TO DO:
Would you print only the lines running from the one with "澄澈的天空映射着学子们激动的" to the final line of the data below, word for word and without pictures?

THE DATA:
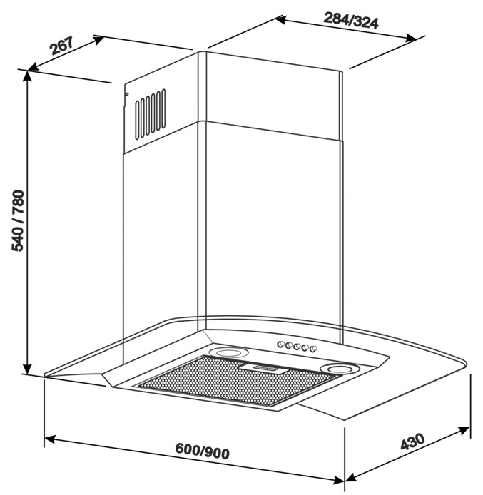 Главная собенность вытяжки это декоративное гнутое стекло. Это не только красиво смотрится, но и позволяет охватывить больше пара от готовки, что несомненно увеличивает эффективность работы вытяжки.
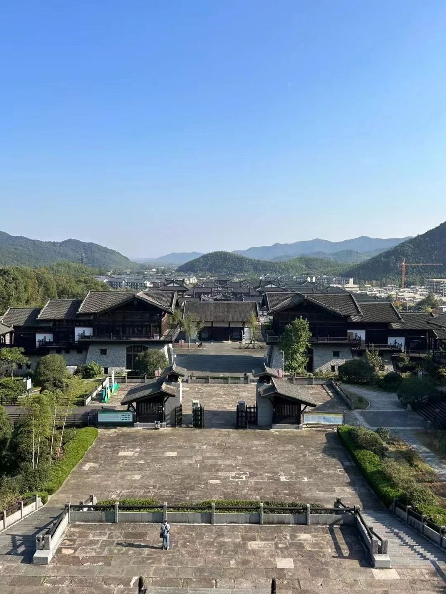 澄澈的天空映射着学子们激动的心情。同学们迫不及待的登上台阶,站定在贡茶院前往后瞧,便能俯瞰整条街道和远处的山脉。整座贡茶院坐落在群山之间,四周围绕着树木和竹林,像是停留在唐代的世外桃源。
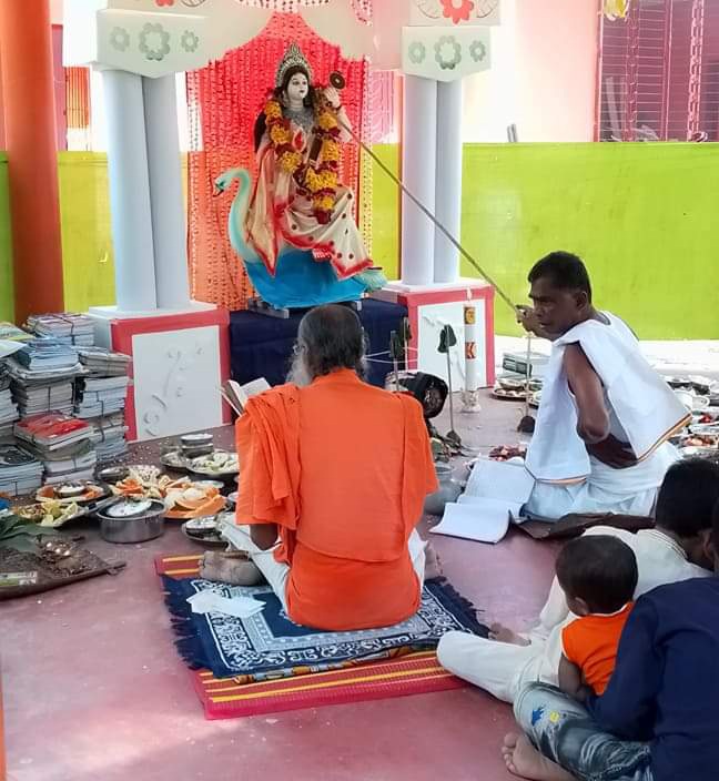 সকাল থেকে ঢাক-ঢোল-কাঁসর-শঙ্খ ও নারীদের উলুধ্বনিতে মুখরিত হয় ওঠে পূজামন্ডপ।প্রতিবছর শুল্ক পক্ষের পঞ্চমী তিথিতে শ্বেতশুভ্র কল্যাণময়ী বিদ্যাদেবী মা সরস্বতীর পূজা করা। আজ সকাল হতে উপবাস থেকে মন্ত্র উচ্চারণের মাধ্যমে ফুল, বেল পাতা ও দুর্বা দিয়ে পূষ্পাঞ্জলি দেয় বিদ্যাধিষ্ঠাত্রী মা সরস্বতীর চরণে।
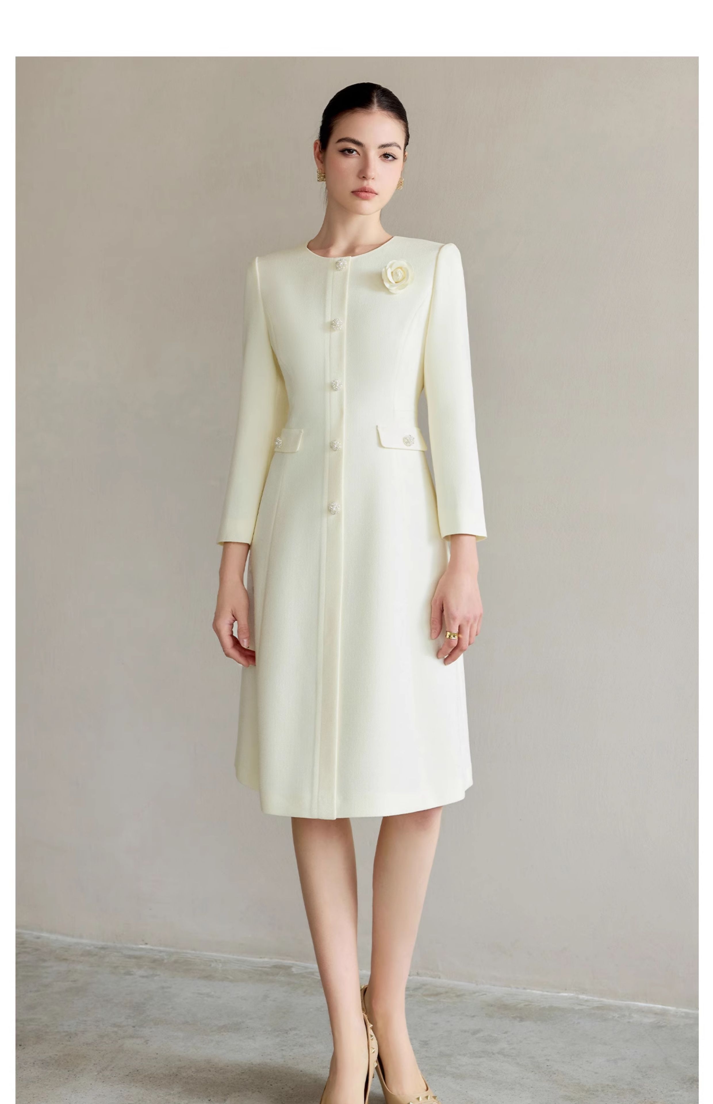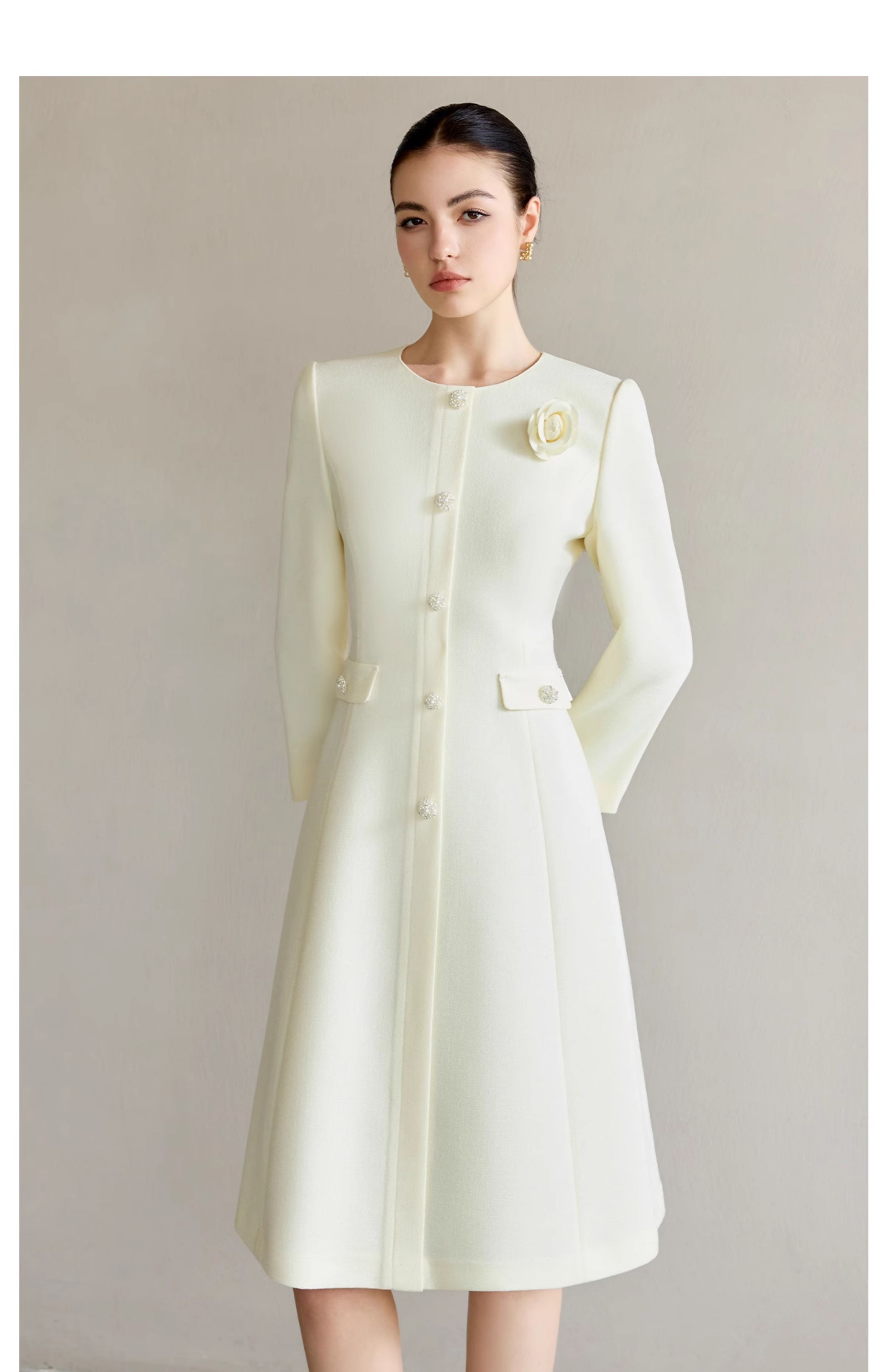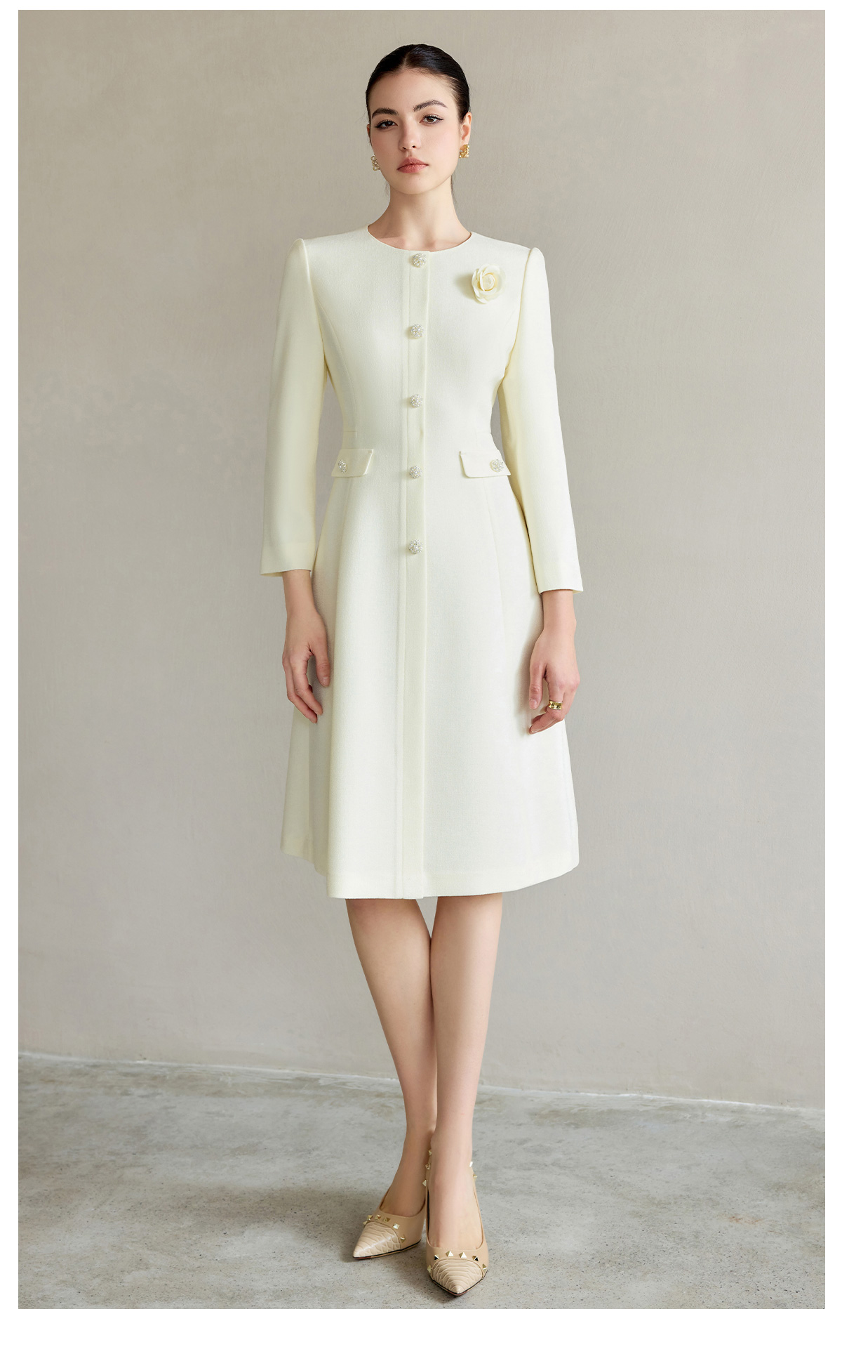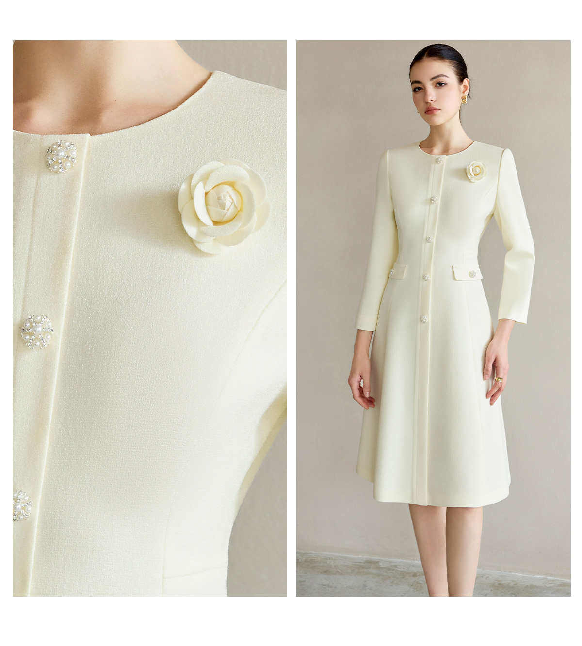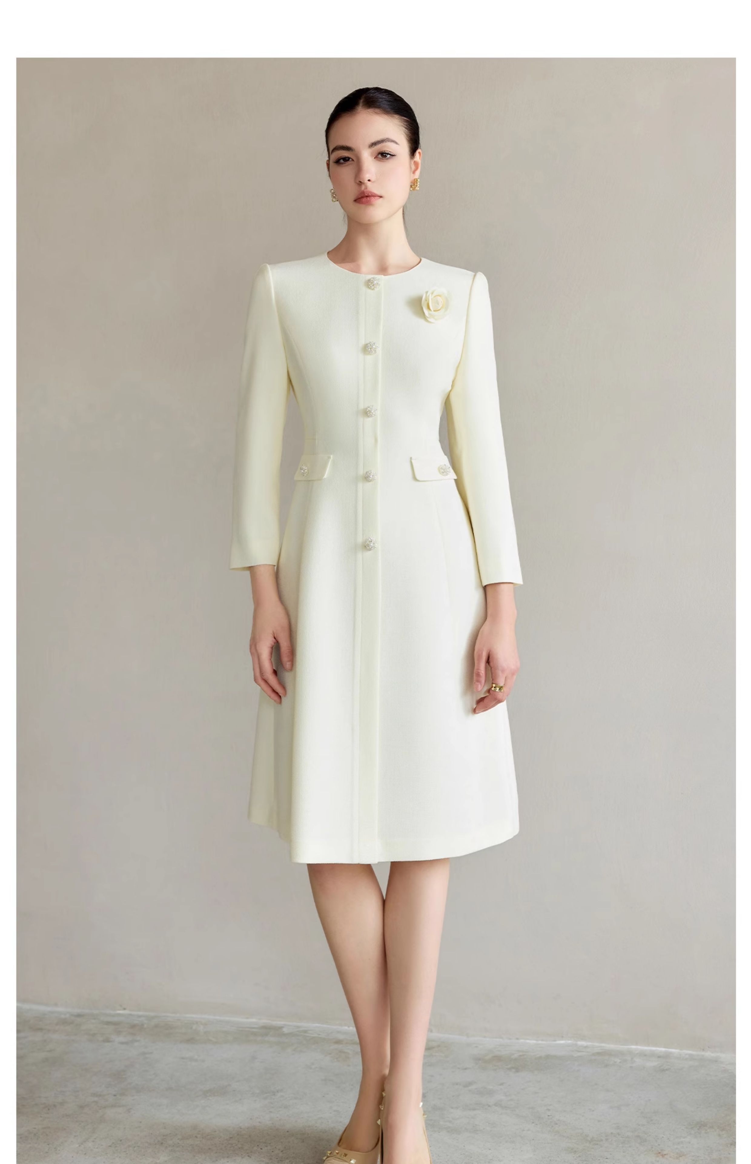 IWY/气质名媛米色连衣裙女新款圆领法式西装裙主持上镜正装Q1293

WRITTEN SOLUTION:
 澄澈的天空映射着学子们激动的心情。同学们迫不及待的登上台阶,站定在贡茶院前往后瞧,便能俯瞰整条街道和远处的山脉。整座贡茶院坐落在群山之间,四周围绕着树木和竹林,像是停留在唐代的世外桃源。
 সকাল থেকে ঢাক-ঢোল-কাঁসর-শঙ্খ ও নারীদের উলুধ্বনিতে মুখরিত হয় ওঠে পূজামন্ডপ।প্রতিবছর শুল্ক পক্ষের পঞ্চমী তিথিতে শ্বেতশুভ্র কল্যাণময়ী বিদ্যাদেবী মা সরস্বতীর পূজা করা। আজ সকাল হতে উপবাস থেকে মন্ত্র উচ্চারণের মাধ্যমে ফুল, বেল পাতা ও দুর্বা দিয়ে পূষ্পাঞ্জলি দেয় বিদ্যাধিষ্ঠাত্রী মা সরস্বতীর চরণে।
 IWY/气质名媛米色连衣裙女新款圆领法式西装裙主持上镜正装Q1293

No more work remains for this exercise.